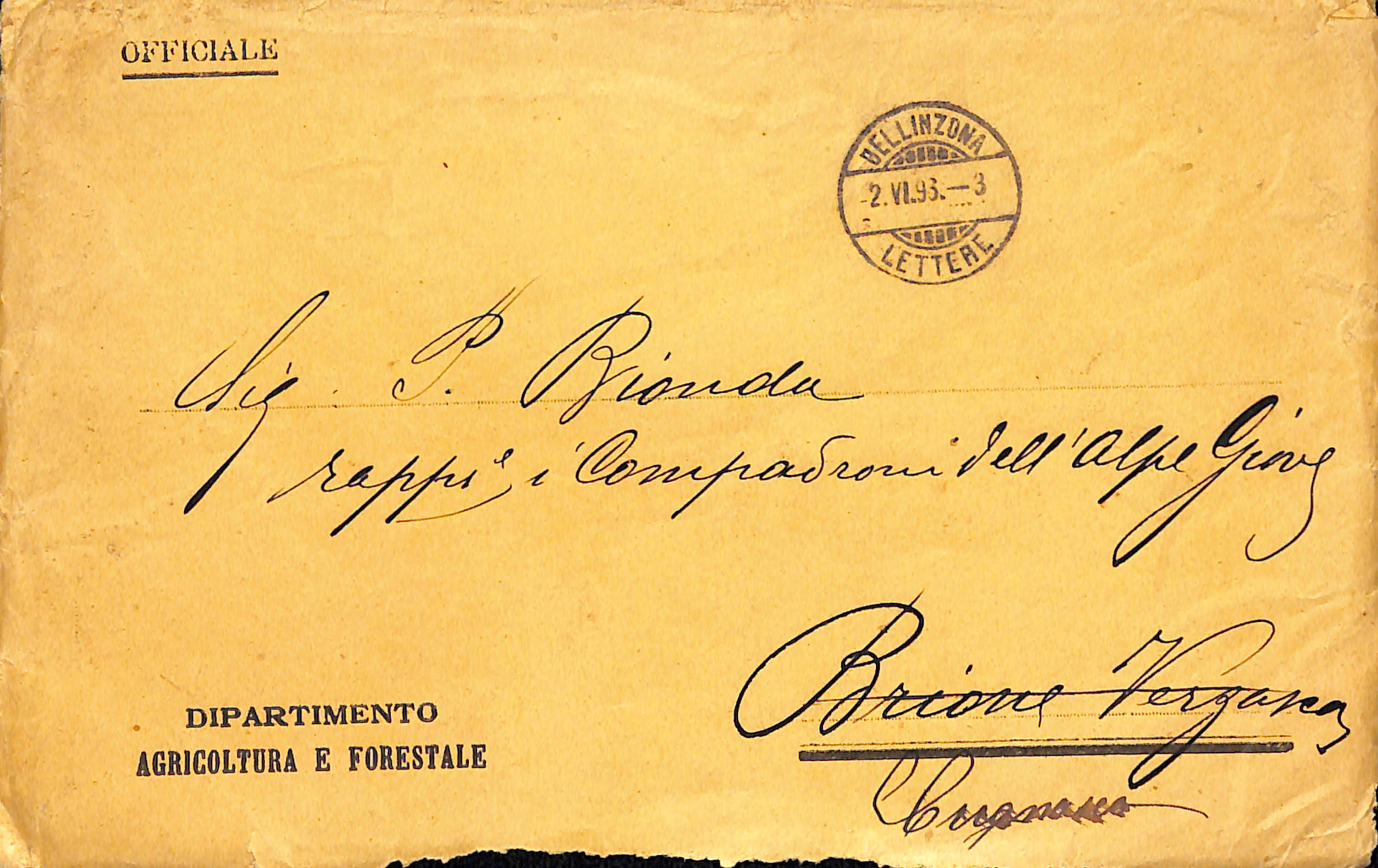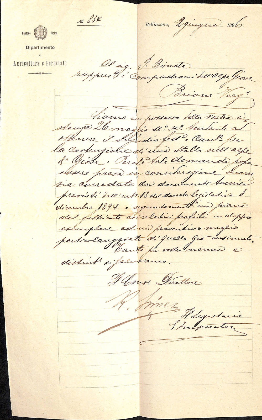 Siamo in possesso della vostra istanza 26 maggio N. sei tendente ad ottenere il sussidio fed.e e Cant.e per la costruzione di una stalla nell'Alpe di Giove. Perché tale domanda possa essere presa in considerazione occorre sia corredata dai documenti tecnici previsti dall'art. 13 del decreto legislativo 3 dicembre 1894 e segnatamente di un piano del fabbricato coi relativi profili in doppio esemplare ed un preventivo meglio particolareggiato di quello già insinuato.
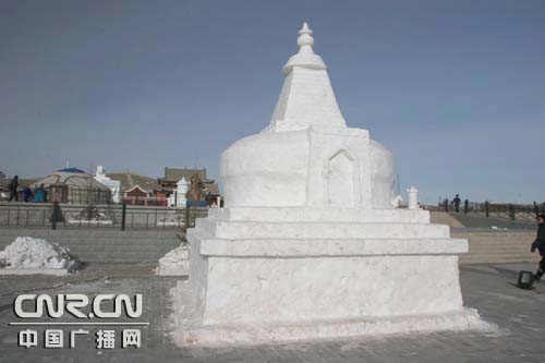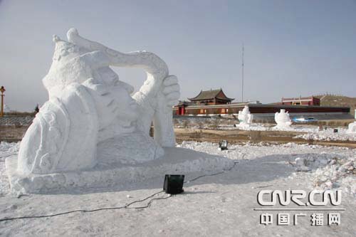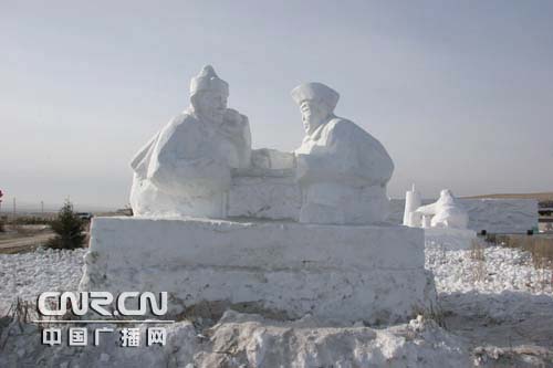 雪雕:掰手腕 中廣網呼和浩特2月3日消息 (記者阿都欽)入冬之后,內蒙古東烏珠穆沁旗所在地烏里雅斯太鎮的庫倫廟廣場成為城鎮居民、牧民群眾喜愛的休閑場所。這里具有濃厚民族風情的雪雕展將這座嚴冬中的邊陲小鎮裝扮的更加靚麗。
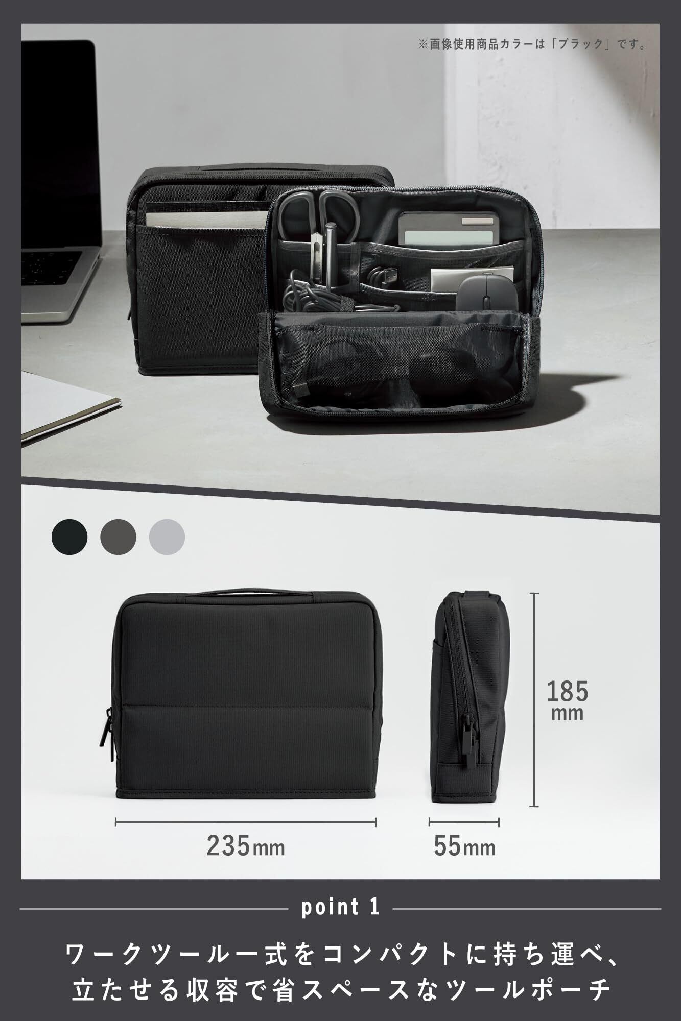 ワークツール一式をコンパクトに持ち運べ、立たせる収納で省スペースなツールポーチ
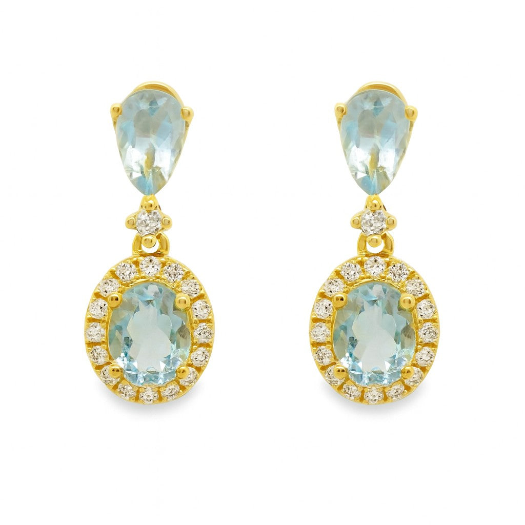 PENDIENTES 18KT 38 BRILLANTES 4 AGUAMARINAS

Work to be completed:
Dropping every picture, restate the material word for word.

Written reply:
 Siamo in possesso della vostra istanza 26 maggio N. sei tendente ad ottenere il sussidio fed.e e Cant.e per la costruzione di una stalla nell'Alpe di Giove. Perché tale domanda possa essere presa in considerazione occorre sia corredata dai documenti tecnici previsti dall'art. 13 del decreto legislativo 3 dicembre 1894 e segnatamente di un piano del fabbricato coi relativi profili in doppio esemplare ed un preventivo meglio particolareggiato di quello già insinuato.
 雪雕:掰手腕 中廣網呼和浩特2月3日消息 (記者阿都欽)入冬之后,內蒙古東烏珠穆沁旗所在地烏里雅斯太鎮的庫倫廟廣場成為城鎮居民、牧民群眾喜愛的休閑場所。這里具有濃厚民族風情的雪雕展將這座嚴冬中的邊陲小鎮裝扮的更加靚麗。
 ワークツール一式をコンパクトに持ち運べ、立たせる収納で省スペースなツールポーチ
 PENDIENTES 18KT 38 BRILLANTES 4 AGUAMARINAS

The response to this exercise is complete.